Bir diğer ölçüt ise, fıkra, espri ve mizahın gelişmesidir.
Mizah, diktatörlük mizahı yasakladığı ölçüde gelişir. Sovyetler Birliği’nde ve
diğer sosyalist adlı tek parti diktatörlüklerinde genelde parti önderlerinin
karikatürlerini yapmak bile yasaktı. Buna rağmen bu ülkelerde ağızdan ağza
anlatılan politik fıkralar başka olmak üzere mizahın her türü müthiş bir
gelişme göstermiştir.
“Halk” adı verilen, toplumu oluşturan sıradan insanlar
kalabalığının diktatörlük karşısında kolektif bir şekilde sergilediği tutumlar
ayrıca sosyologlar tarafından incelenmeyi hak edecek kadar çelişkili ve
değişkendir. Aslında halkın bu çelişkili tutumundaki artış da diktatörlüğün
ölçütlerinden biri olarak değerlendirilmelidir. Halk diktatörleri hem sever,
hem korkar, hem de onlardan içten içe nefret eder. Bu sevgi, korku, nefret
amalgamı, sonrasındaki patlamalarda kavanozun içindeki bulamaç gibi ortalığa
yayılır ve zehrini her yere yayar. Çünkü bu bulamaç kapalı bir toplumda ne
kadar uzun süre bekletilmişse o kadar zehre dönüşmüştür ve bu zehir ne yazık
ki, diktatörün ardından gelen yenilenmede de toplumun kanına karışır, olumsuz
gelişmelerde pay sahibi olur.
Pek iç açıcı günlerde yaşamıyoruz. Ülkenin durumu malum.

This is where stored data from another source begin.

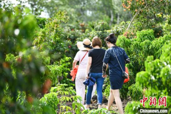 ライチ園でライチ狩りをする女性ら(撮影?凌楠)。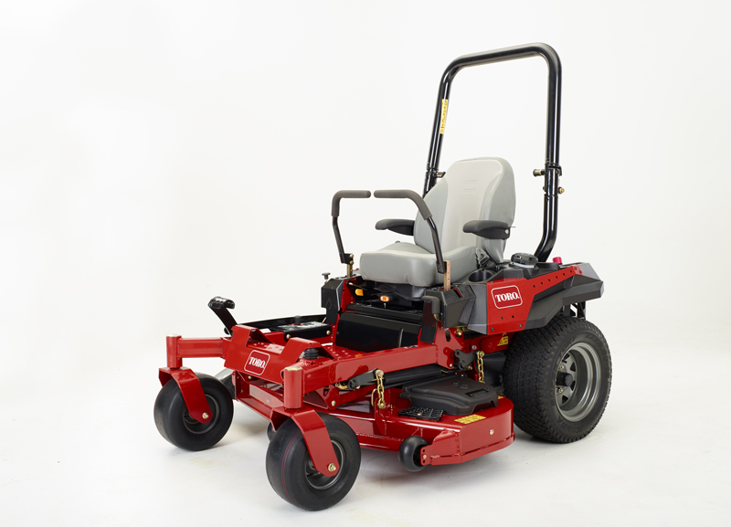 Außerdem hilft auch ein großer 26,5 l-Kraftstofftank dem Fahrer und damit auch der Effizienz, denn bei genügend Benzin im Tank muss die Arbeit nicht unterbrochen werden. Apropos Kraftstoff: In den beiden neuen Modellen mit unterschiedlicher Schnittbreite werden die neuen Toro-eigenen Motoren verbaut, die besonders durchzugsstark und dennoch sparsam sind. So besteht nun die komplette Maschine aus Toro-Teilen, das bietet Vorteile bei einer eventuellen Garantieabwicklung mit nur einem Ansprechpartner.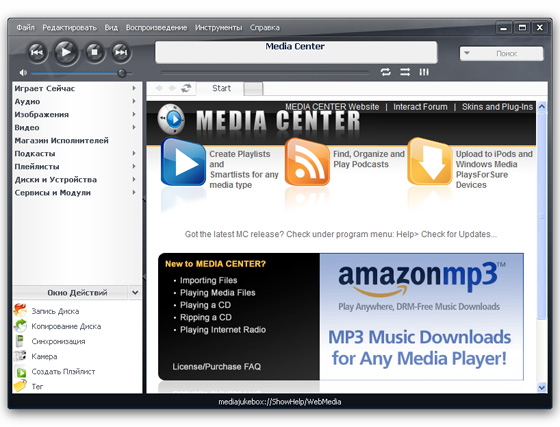 При помощи J. River Media Center Вы сможете, с помощью компьютера, управлять всеми подключенными к нему мультимедиа-устройствами. С помощью этой программы вы сможете копировать музыку на портативные цифровые плееры, перемешать цифровые фотографии с камеры в цифровую библиотеку медиа-центра, записывать из аудио-файлов музыкальные диски, записывать любимые телепрограммы и просматривать их на ТВ. Мультимедийный центр позволяет включить в разных комнатах в одно и то же время разную музыку.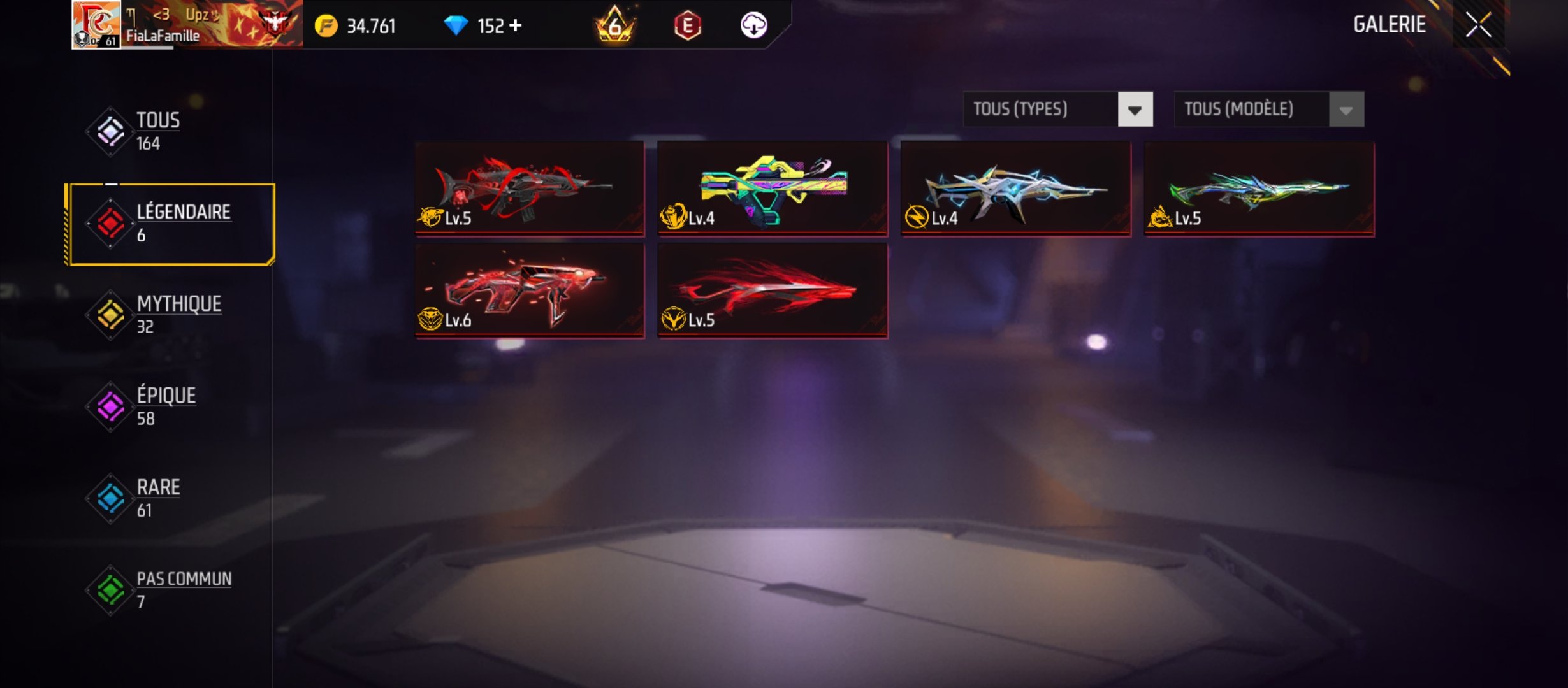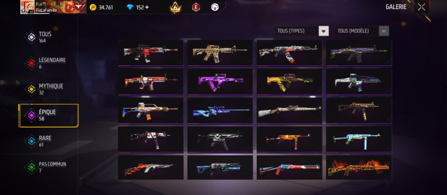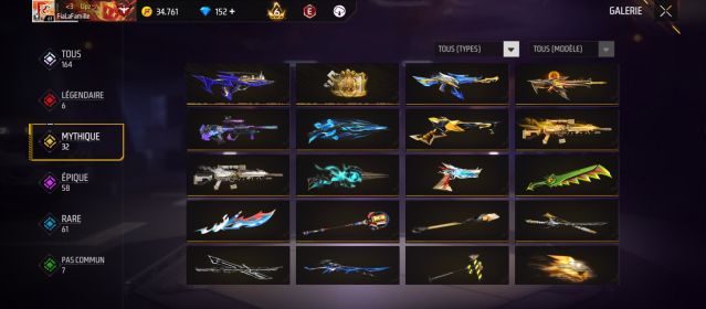 — Rareté des skins: variété légendaire/Mythique/Epique + skins promo

Karamsar olmak için her şey mevcut. Koyu karanlığın mizahımıza yaptığı katkı
bile artık bizleri kesmiyor. Yeni bir yıla giriyoruz. 2017 yılına. Ben nedense
iyimserim. Hatta bir arkadaşıma da “2017′de gerçekten güzel günler göreceğiz.
Bunu yaz bir kenara” diye bir yeni yıl mesajı bile yolladım. O da, “Güneş
doğunca kenara yazdığımı göndereceğim” diye yanıtlamış beni. Çanlar
romanımdaki, 2017 ile ilgili öngörümün gerçekleşmesini çok isterim ama esas
olan bu da değil. Karanlık ne kadar yoğunlaşırsa sonunda güneşin doğması o
kadar kaçınılmazdır.
Herkese gerçek anlamda iyi bir yıl diliyorum.